[[ Provided entries open ]]

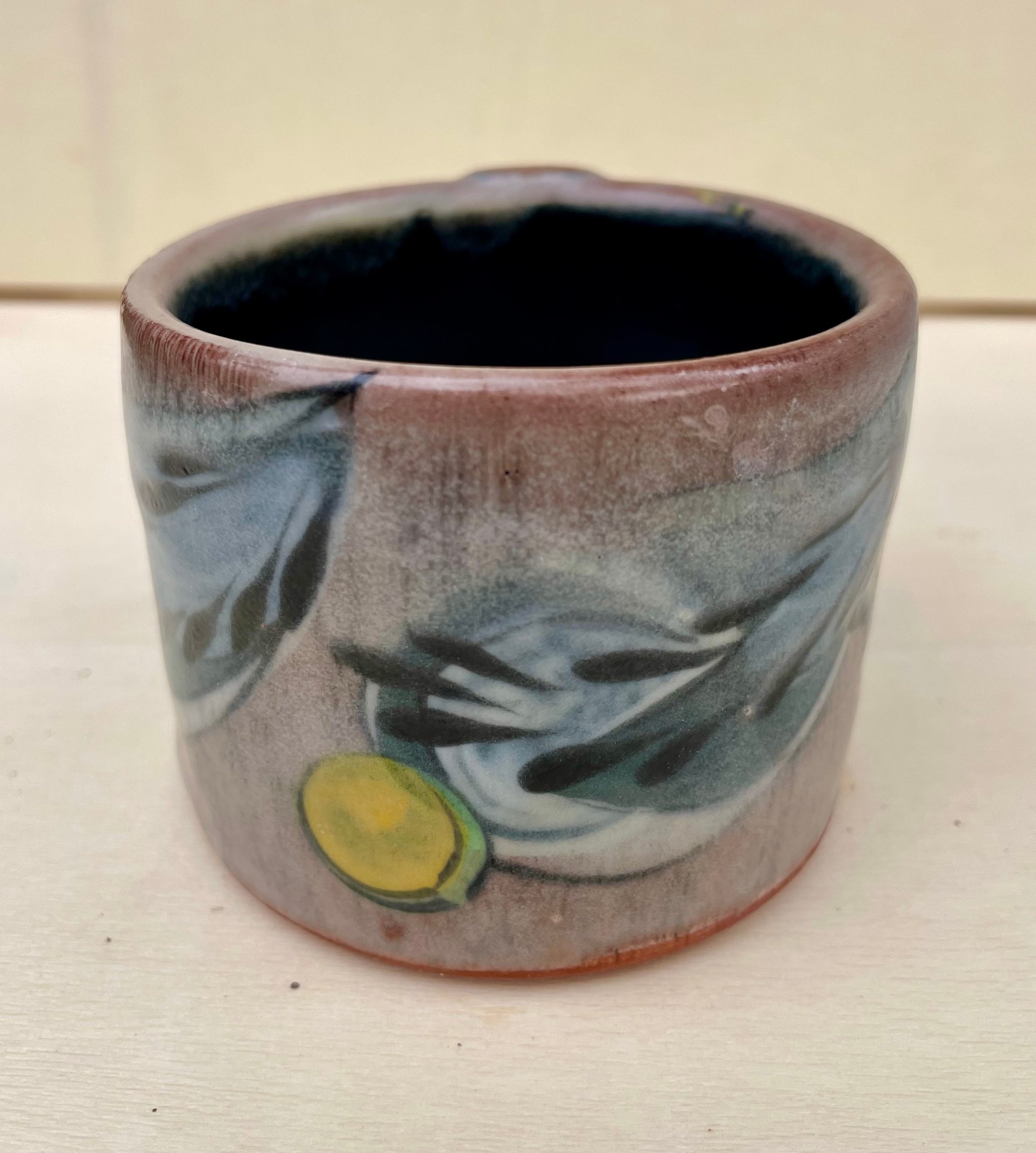 This is a nice mug that is great for hot beverages. A little but of wind, a little sun, this piece is handmade and decorated in CT.
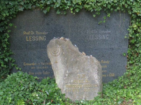 Der von der tschechoslowakischen Regierung anstelle der 1938 zerschlagenen Grabstelle 1958 errichtete Gedenkstein für Theodor Lessing auf dem Jüdischen Friedhof in Marienbad (Uwe Spiekermann, Juli 2025)
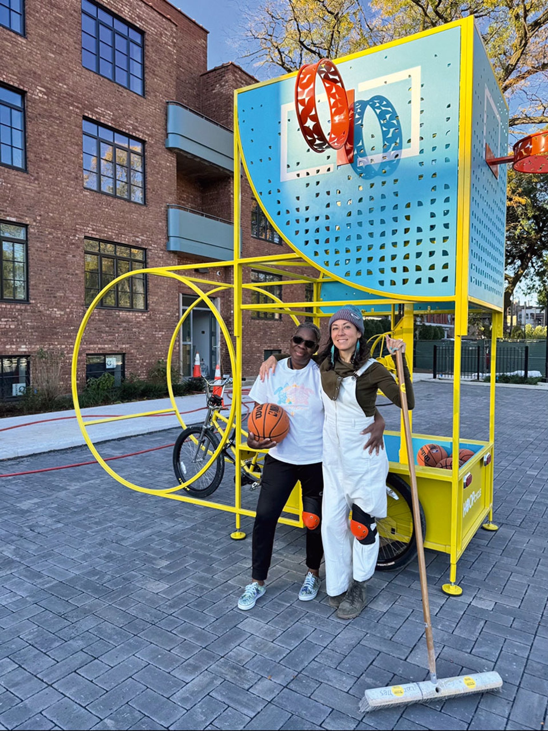 Marisa Morán Jahn (right) and Miss Elaine, a Chicago public housing resident, with HOOPcycle, a mobile interactive art installation
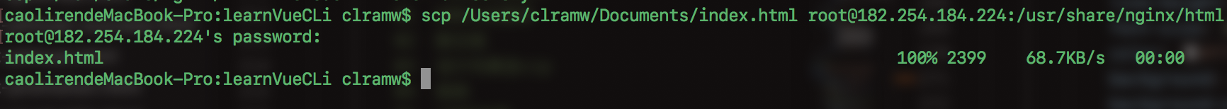 scp + 本地文件地址 + 用户名@你的ip:/远程文件夹地址
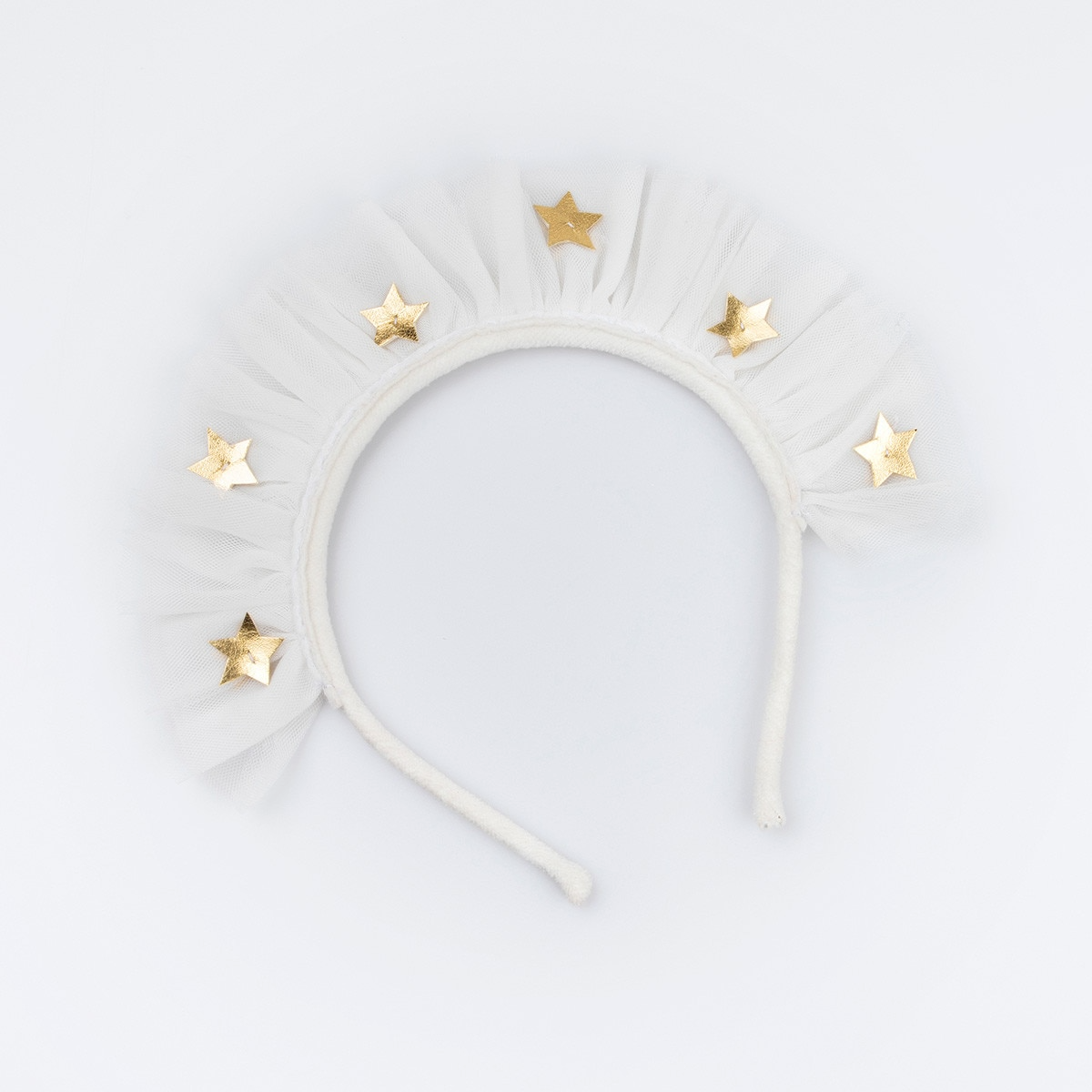 Bentița are un volan din tulle alb cu stele din piele ecologică aurie aplicate

[[ Provided entries closed ]]

** Problem requirements **
The copy should hold exactly the lines from the one containing "scp + 本地文件地址 + 用户名@你的ip:/远程文件夹地址" through the final line of the records above, both ends included, and no picture.

** Response area **
 scp + 本地文件地址 + 用户名@你的ip:/远程文件夹地址
 Bentița are un volan din tulle alb cu stele din piele ecologică aurie aplicate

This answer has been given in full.